Members of the Newsroom Initiative advisory council have Facebook, Google on their minds
Newsroom Transformation Initiative Blog | 12 November 2023
A snapshot of what media executives have on their minds right now includes dramatic falls in traffic to news sites from Facebook, actual and expected falls in traffic from Google search, and the seemingly perpetual struggle between newspaper revenue and shifting to digital.
One of the most valuable conversations on the Newsroom Initiative each month is a check-in with the advisory council to hear what is on the minds of newsroom leaders who help me steer the INMA Newsroom Initiative to where the industry needs it to go.
Some of the issues that come up are: How fast can I move my organisation to focus on digital while keeping revenue and audience interest as long as it generates revenue, almost perpetually in our business? Others — like concerned about what newsrooms say is clear evidence Facebook is turning news down or off — are newer.

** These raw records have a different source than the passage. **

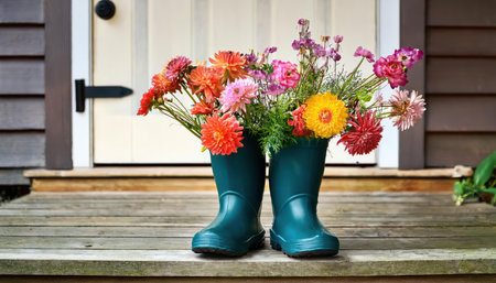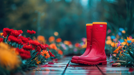 A pair of red rubber boots among colorful garden flowers, on a wooden deck against a vibrant background. High quality illustration
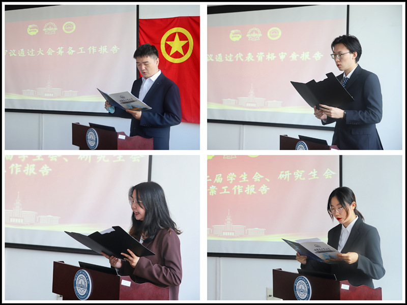 第一次正式会议开始,在与会人员集体奏唱国歌后,主持人介绍到场嘉宾。院学生会主席王为灏和院研究生会主席葛添分别做两会工作报告和提案工作报告。随后,taptap点点体育党委副书记付影老师为第二届学生会、研究生会主席团成员颁发聘书并致辞。付老师对学院第三次学生代表大会、第三次研究生代表大会的召开及前期准备工作表示了肯定,总结了去年一年主席团及学院党委的工作成效,同时介绍了学院目前的发展现状及未来建设规划,勉励下一届主席团应结合自身经历,在学院未来发展的机遇与挑战中锻炼自己,勇担重任,继承、发扬历届主席团服务学院、服务师生的光荣传统。
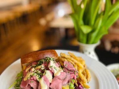 Hovězí hamburger s uzeným bokem, rukolou, alabama bbq a steakovými hranolky
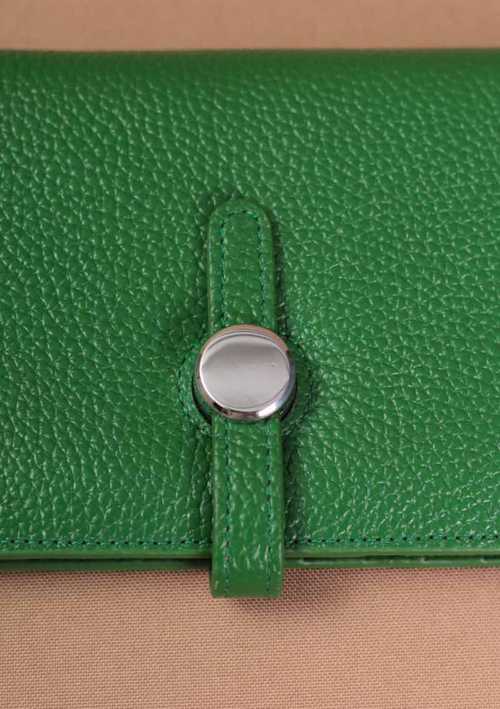 Cartera de piel con herrajes cromados, en distintos colores. Elegante y moderna, esta cartera es súper padre porque tiene todos los compartimientos perfectos como para que puedas llevar todo lo que necesitas.
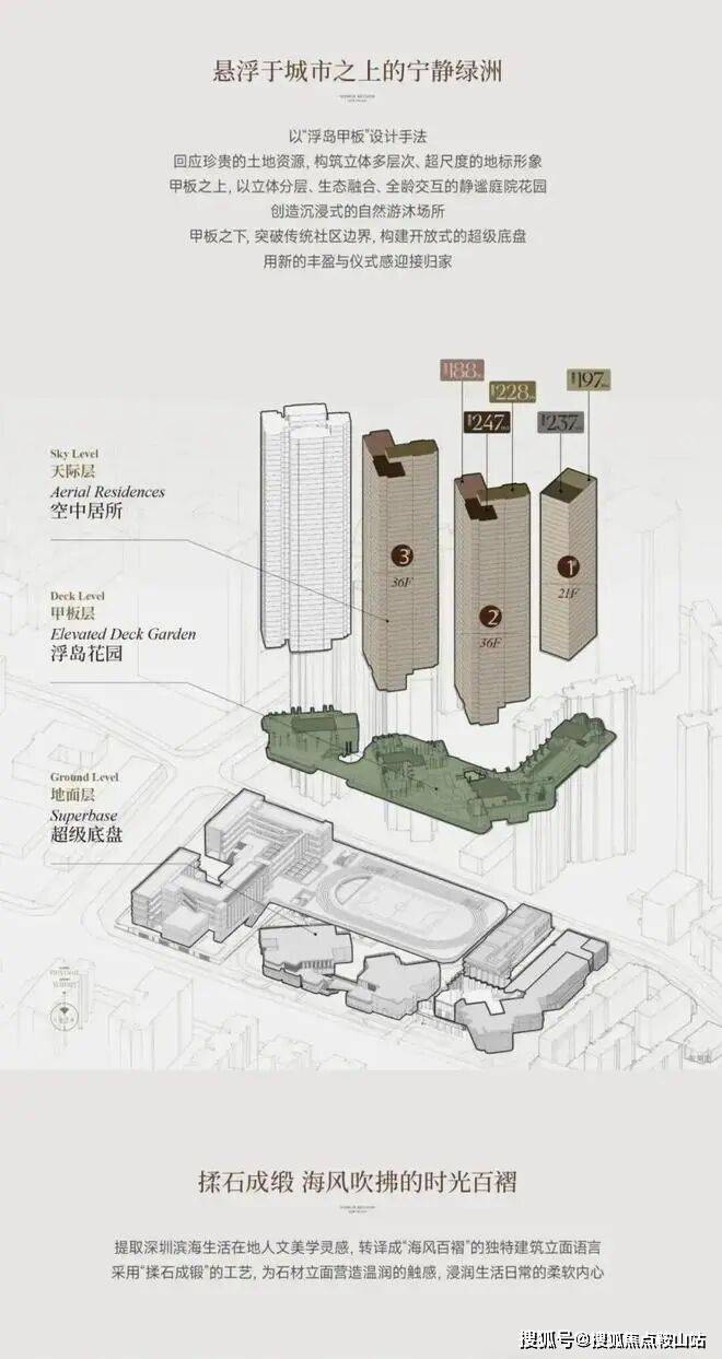 这次「后海招商玺」住宅设计采用“浮岛甲板”设计策略,四栋住宅落于甲板之上,独享甲板庭院花园。进而形成超级社区底盘 + 浮岛绿化甲板的垂直共生人居标杆。

All of the issues, of course, sit within one or sometimes all of the pillars of the Newsroom Initiative: business models for journalism (knowing what business you are really in and how to contribute to it); creating high-value journalism (the trust questions about what news matters and audiences value); and impact and influence (the cultural questions).
Almost the point of the Newsroom Initiative is to check whether we are asking the right questions, creating the correct incentives for journalism teams, serving audiences, and tackling the most difficult challenges rather than leaving them to successors.
Here are some of the issues that were raised in the last call with the advisory council, with my views where I have them in italics:
Newsroom leaders say they still see their companies losing advertising revenue to the Big Tech platforms. Everyone knows this is not new but with a stronger focus on revenue as advertising markets appear to be weakening in many markets it is top of mind for many. See more in the INMA Advertising Initiative.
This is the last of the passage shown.